━━━ Data for processing ━━━
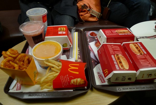 (香港的第一顿饭:麦当劳,那个圆圆盒子装的就是南瓜粥)
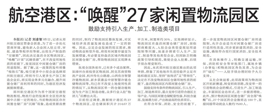 航空港区:“唤醒”27家闲置物流园区
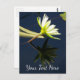 Uma única flor de lírio de água loto branco e folhas de lírio verdes na piscina de água preta nesta fotografia tirada nos Jardins de Longwood.
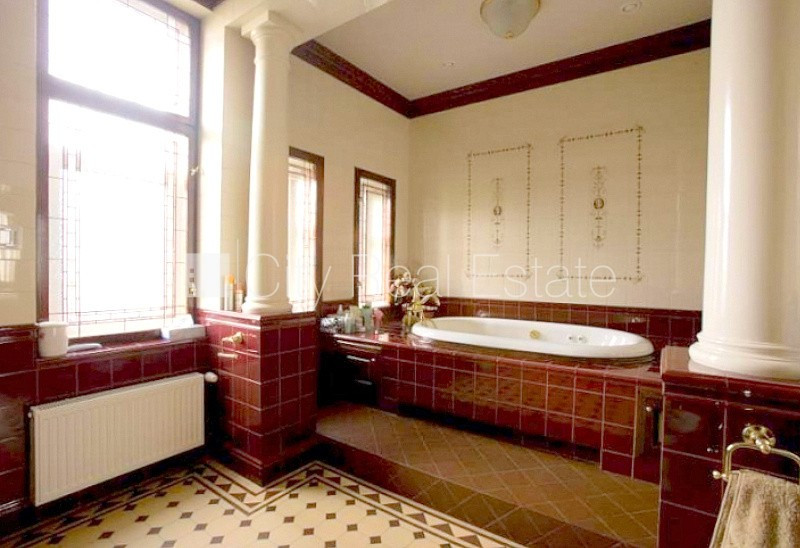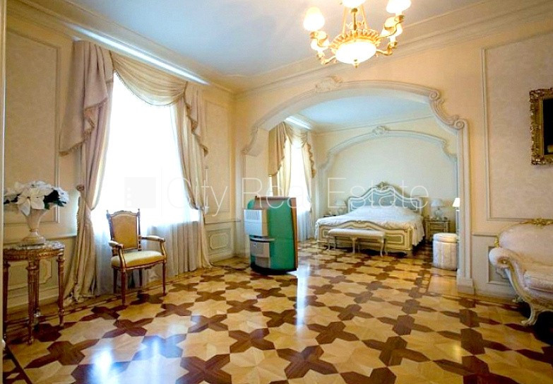 Земля в собственности, фасадный дом, реновированный дом, поменянное покрытие крыши, благоустроенная озеленённая территория, подъездная дорога покрыта брущаткoй, закрытый двор, въездные ворота оснащены автоматической подъёмной системой, бесплатная стоянка во дворе, охраняемая территория, объект охраняет физическая охрана, апартаменты люкс 598 м2, лифт, лестничная клетка после капитального ремонта, балкон, лоджия, финская баня, окна выходят в обе стороны дома, широкий вид из окна, количество спален 5 шт., трёхэтажный, гостиная, кухня, помещение для отдыха, гардеробная, холл, kабинет, высота потолков 3-6 м, высокие потолки, два входа, газовое отопление, автоматическая система отопления, полная отделка , три уровня, деревянные стекло-пакетные окна, наклеенные обои, паркетный пол, кафельный пол, новая электроинсталяция, kоличество ванных комнат 4 шт., душевая кабина, ванна джакузи, биде, антикварная мебель, встроенная кухня, встроенные стенные шкафы, угловой диван, гостинный стол, стулья, кресла для отдыха, трёхместное кресло для отдыха, кондиционер, телевизор, холодильник, посудомоечная машина, электрическая плита, стиральная машина, сушилка белья, oптический интернет, сигнализация, дымовой детектор , видео домофон, круглосуточная охрана, система входных пропусков, до парка 70 м, стратегически выгодное место, до Старой Риги 330 м, комиссия за посреднические услуги не взымается, поможем оформить Вид на жительство в Латвии, CITY REAL ESTATE ID - 424320
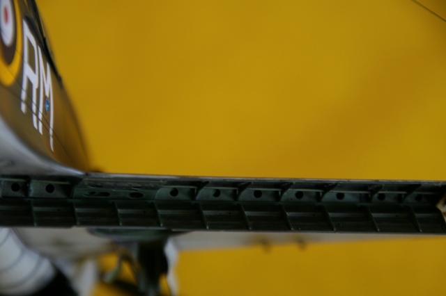 Der Bau:Die einzelnen Bauteile und Baugruppen passten herforragend zusammen und ließen sich mittels Ambroid Pro Weld, einem sehr dünnflüssigen Plastikkleber, welcher nach dem Kapillarprinzip funktioniert, problemlos zusammenfügen. Am Übergang zwischen Rumpf und Tragflächen kam ein wenig Milliputt zum Einsatz, um einen sauberen Übergang zu schaffen. Ebenso wurden sämtliche Klebenähte verschliffen und wo es nötig war mit Mr. Surfacer 500 behandelt. Das anschließende Nachgravieren mit verschiedenen Werkzeugen und Schablonen sowie das Reinigen der Außenhaut mit Alkohol beendeten den Rohbau.
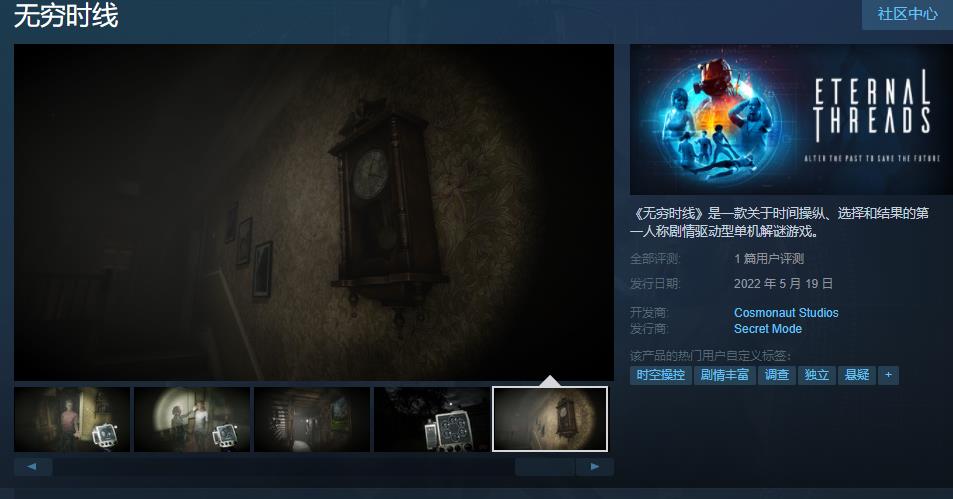 解谜游戏《无穷时线》现已正式发售,游戏支持简体中文,Steam国区原价108元,发售特惠97.2元,感兴趣的玩家可以关注一波。 游戏介绍: 《无穷时线》是一款关于时间操纵、选择和结果的第一人称剧情驱动型单机解谜游戏。 玩家将扮演一名特工,受命修复时间流中的受损点,被派往2015年5月英格兰北部地区的一处住宅火灾现场,以拯救不幸殒命的6个人。你要做的并非简单地阻止火灾发生,而是要操纵6位住客这一周以来所做的选择,让他们得以在这场大火中幸免于难。 游戏特点: 按自己的想法选择如何推动游戏剧情。 完整旁白内容覆盖全部六位主角,贯穿多条时间线的多个决定,玩家可以按自己所选的方式随意体验。 你可以一次只专注于一个特定角色的故事线,跟随该角色在整条时间线中的选择,然后再回过头,重新跟进另一个角色。 你可以像法医一样还原整个故事,观察故事的最终结果,然后沿着时间线逆向思维——大体来说就是观察效果,然后确定原因。 或者你也可以单纯地按时间顺序观看一切,在观察中体会整条时间线慢慢展开,然后改变角色在这一周的进展中所做的决定。 所有事情都可以观看和更改任意次数 记不住某一事件中到底发生了什么?更改决定后不确定对结果满不满意?没关系。只要沿着时间线倒回去,观看和更改任意内容即可,只要你愿意,多少次都可以。 改变过去,影响未来 将临时基地设置在这座房子里,时间就在火灾发生数小时之后的时间点,这样可以形成对事件的独特视角。当你回顾时间线时,过去的事件会像幽影一般在你面前播放,而烟雾和大火损坏的房屋则一直提醒着你即将要发生的事情。而且,当你操纵过去时,你周围的环境可以重置,以匹配所发生的改变。一些新的物品将会出现,其他东西则会在房子里变换位置,而且室内的物品也基本上会伴随着你改变过去而发生相应变化。 游戏截图: |
━━━
About this exercise >>
In the printed copy, the material above must appear unchanged and without its pictures.

Worked solution >>
 (香港的第一顿饭:麦当劳,那个圆圆盒子装的就是南瓜粥)
 航空港区:“唤醒”27家闲置物流园区
 Uma única flor de lírio de água loto branco e folhas de lírio verdes na piscina de água preta nesta fotografia tirada nos Jardins de Longwood.
 Земля в собственности, фасадный дом, реновированный дом, поменянное покрытие крыши, благоустроенная озеленённая территория, подъездная дорога покрыта брущаткoй, закрытый двор, въездные ворота оснащены автоматической подъёмной системой, бесплатная стоянка во дворе, охраняемая территория, объект охраняет физическая охрана, апартаменты люкс 598 м2, лифт, лестничная клетка после капитального ремонта, балкон, лоджия, финская баня, окна выходят в обе стороны дома, широкий вид из окна, количество спален 5 шт., трёхэтажный, гостиная, кухня, помещение для отдыха, гардеробная, холл, kабинет, высота потолков 3-6 м, высокие потолки, два входа, газовое отопление, автоматическая система отопления, полная отделка , три уровня, деревянные стекло-пакетные окна, наклеенные обои, паркетный пол, кафельный пол, новая электроинсталяция, kоличество ванных комнат 4 шт., душевая кабина, ванна джакузи, биде, антикварная мебель, встроенная кухня, встроенные стенные шкафы, угловой диван, гостинный стол, стулья, кресла для отдыха, трёхместное кресло для отдыха, кондиционер, телевизор, холодильник, посудомоечная машина, электрическая плита, стиральная машина, сушилка белья, oптический интернет, сигнализация, дымовой детектор , видео домофон, круглосуточная охрана, система входных пропусков, до парка 70 м, стратегически выгодное место, до Старой Риги 330 м, комиссия за посреднические услуги не взымается, поможем оформить Вид на жительство в Латвии, CITY REAL ESTATE ID - 424320
 Der Bau:Die einzelnen Bauteile und Baugruppen passten herforragend zusammen und ließen sich mittels Ambroid Pro Weld, einem sehr dünnflüssigen Plastikkleber, welcher nach dem Kapillarprinzip funktioniert, problemlos zusammenfügen. Am Übergang zwischen Rumpf und Tragflächen kam ein wenig Milliputt zum Einsatz, um einen sauberen Übergang zu schaffen. Ebenso wurden sämtliche Klebenähte verschliffen und wo es nötig war mit Mr. Surfacer 500 behandelt. Das anschließende Nachgravieren mit verschiedenen Werkzeugen und Schablonen sowie das Reinigen der Außenhaut mit Alkohol beendeten den Rohbau.
 解谜游戏《无穷时线》现已正式发售,游戏支持简体中文,Steam国区原价108元,发售特惠97.2元,感兴趣的玩家可以关注一波。 游戏介绍: 《无穷时线》是一款关于时间操纵、选择和结果的第一人称剧情驱动型单机解谜游戏。 玩家将扮演一名特工,受命修复时间流中的受损点,被派往2015年5月英格兰北部地区的一处住宅火灾现场,以拯救不幸殒命的6个人。你要做的并非简单地阻止火灾发生,而是要操纵6位住客这一周以来所做的选择,让他们得以在这场大火中幸免于难。 游戏特点: 按自己的想法选择如何推动游戏剧情。 完整旁白内容覆盖全部六位主角,贯穿多条时间线的多个决定,玩家可以按自己所选的方式随意体验。 你可以一次只专注于一个特定角色的故事线,跟随该角色在整条时间线中的选择,然后再回过头,重新跟进另一个角色。 你可以像法医一样还原整个故事,观察故事的最终结果,然后沿着时间线逆向思维——大体来说就是观察效果,然后确定原因。 或者你也可以单纯地按时间顺序观看一切,在观察中体会整条时间线慢慢展开,然后改变角色在这一周的进展中所做的决定。 所有事情都可以观看和更改任意次数 记不住某一事件中到底发生了什么?更改决定后不确定对结果满不满意?没关系。只要沿着时间线倒回去,观看和更改任意内容即可,只要你愿意,多少次都可以。 改变过去,影响未来 将临时基地设置在这座房子里,时间就在火灾发生数小时之后的时间点,这样可以形成对事件的独特视角。当你回顾时间线时,过去的事件会像幽影一般在你面前播放,而烟雾和大火损坏的房屋则一直提醒着你即将要发生的事情。而且,当你操纵过去时,你周围的环境可以重置,以匹配所发生的改变。一些新的物品将会出现,其他东西则会在房子里变换位置,而且室内的物品也基本上会伴随着你改变过去而发生相应变化。 游戏截图: |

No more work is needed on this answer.